The following BUSINESS was passed:
ORDINARY RESOLUTION
Resolution 14: to resolve that:
the directors be generally and unconditionally authorised in accordance with Section 551 of the Companies Act 2006 to exercise all the powers of the Company to allot shares in the Company and grant rights to subscribe for, or convert any security into, shares in the Company:
(a) up to a maximum nominal amount of £4,127,653; and
(b) up to a further maximum nominal amount of £4,127,653 provided that (i) they are equity securities (within the meaning of Section 560 of that Act) and (ii) they are offered by way of a fully pre-emptive offer to holders of ordinary shares on the register of members on such record dates as the directors may determine where the equity securities respectively attributable to the interests of the ordinary shareholders are proportionate (as nearly as may be practicable) to the respective numbers of ordinary shares held by them on any such record dates, subject to such exclusions or other arrangements as the directors may deem necessary or expedient to deal with treasury shares, fractional entitlements, or legal or practical problems arising under the laws of any overseas territory or the requirements of any regulatory body or stock exchange or by virtue of shares being represented by depositary receipts or any other matter,
provided that this authority shall expire at the conclusion of the next Annual General Meeting of the Company after the passing of this resolution or, if earlier, at the close of business on 28 February 2026, save that the Company shall be entitled to make offers and enter into agreements which would or might require shares to be allotted or such rights to be granted after such expiry and the directors shall be entitled to allot shares and grant rights under any such offer or agreement as if this authority had not expired.

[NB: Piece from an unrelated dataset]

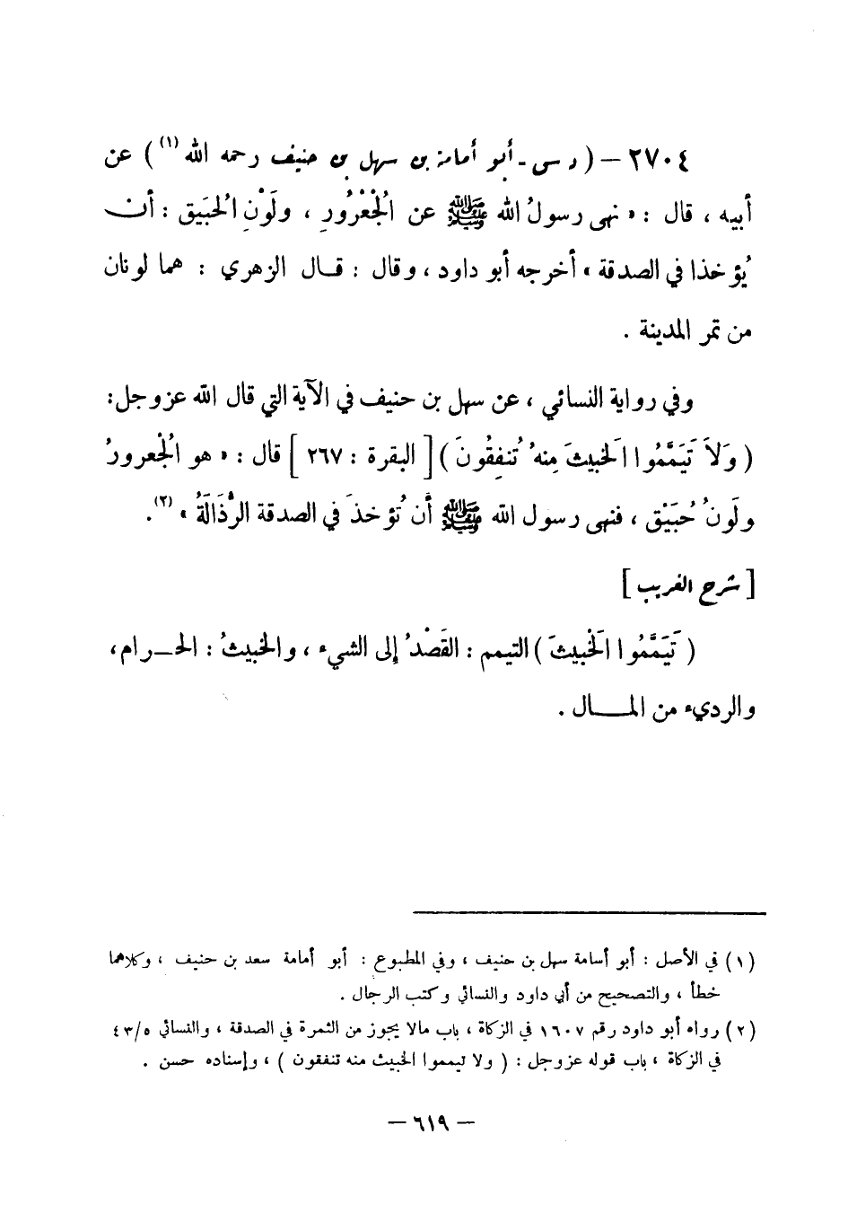 (¬2) رواه أبو داود رقم (1607) في الزكاة، باب ما لا يجوز من الثمرة في الصدقة، والنسائي 5 / 43 في الزكاة، باب قوله عز وجل: {ولا تيمموا الخبيث منه تنفقون} ، وإسناده حسن.

Resolution 15: to resolve that, if Resolution 14 is passed, the directors be authorised in accordance with Sections 570 and 573 of the Companies Act 2006 to allot equity securities (within the meaning of Section 560 of that Act) for cash pursuant to the authority conferred by Resolution 14 above and by way of a sale of treasury shares as if Section 561(1) of that Act did not apply to any such allotment, provided that this authority shall be limited to:
(a) the allotment of equity securities or sale of treasury shares in connection with an offer of securities (but in the case of the authority granted under paragraph (b) of Resolution 14 above by way of a fully pre-emptive offer only) in favour of the holders of ordinary shares on the register of members on such record dates as the directors may determine where the equity securities respectively attributable to the interests of the ordinary shareholders are proportionate (as nearly as may be practicable) to the respective numbers of ordinary shares held by them on any such record dates, subject to such exclusions or other arrangements as the directors may deem necessary or expedient to deal with treasury shares, fractional entitlements or legal or practical problems arising under the laws of any overseas territory or the requirements of any regulatory body or stock exchange or by virtue of shares being represented by depositary receipts or any other matter;
(b) the allotment of equity securities or sale of treasury shares (otherwise than pursuant to paragraph (a) of this Resolution 15) to any person or persons up to a nominal amount not exceeding £619,148,
and shall expire upon the expiry of the general authority conferred by Resolution 14 above, save that the Company shall be entitled to make offers and enter into agreements which would or might require equity securities to be allotted and treasury shares to be sold after such expiry and the directors shall be entitled to allot equity securities and sell treasury shares under any such offer or agreement as if this authority had not expi
Resolution 16: to resolve that, pursuant to Section 701 of the Companies Act 2006, the Company be and is hereby generally and unconditionally authorised to make market purchases (as defined in Section 693(4) of the Companies Act 2006) of any of its own ordinary shares in such manner and on such terms as the directors may from time to time determine provided that:
(a) the maximum aggregate number of ordinary shares authorised to be purchased is 24,765,920;
(b) the minimum price which may be paid for each ordinary share is 5p (exclusive of all expenses);
(c) the maximum price which may be paid for each ordinary share is an amount (exclusive of all expenses) equal to the higher of:
an amount equal to 105% of the average of the middle market quotations for an ordinary share in the capital of the Company as derived from the London Stock Exchange Daily Official List for the five business days immediately preceding the day on which the ordinary share is contracted to be purchased; and
the higher of the price of the last independent trade and the highest current independent bid for an ordinary share in the capital of the Company on the trading venues where the market purchases by the Company pursuant to the authority conferred by this resolution will be carried out;
(d) the authority shall, unless previously varied, revoked or renewed, expire at the conclusion of the next Annual General Meeting of the Company after the passing of this resolution or, if earlier, at the close of business on 28 February 2026, save that the Company shall be entitled under such authority to make at any time before such expiry any contract or contracts to purchase its own shares which will or might be executed wholly or partly after such expiry and make a purchase of shares in pursuance of any such contract or contracts; and
(e) all existing authorities for the Company to make market purchases of ordinary shares are revoked, except in relation to the purchase of shares under a contract or contracts concluded before the date of this resolution and which has or have not been executed.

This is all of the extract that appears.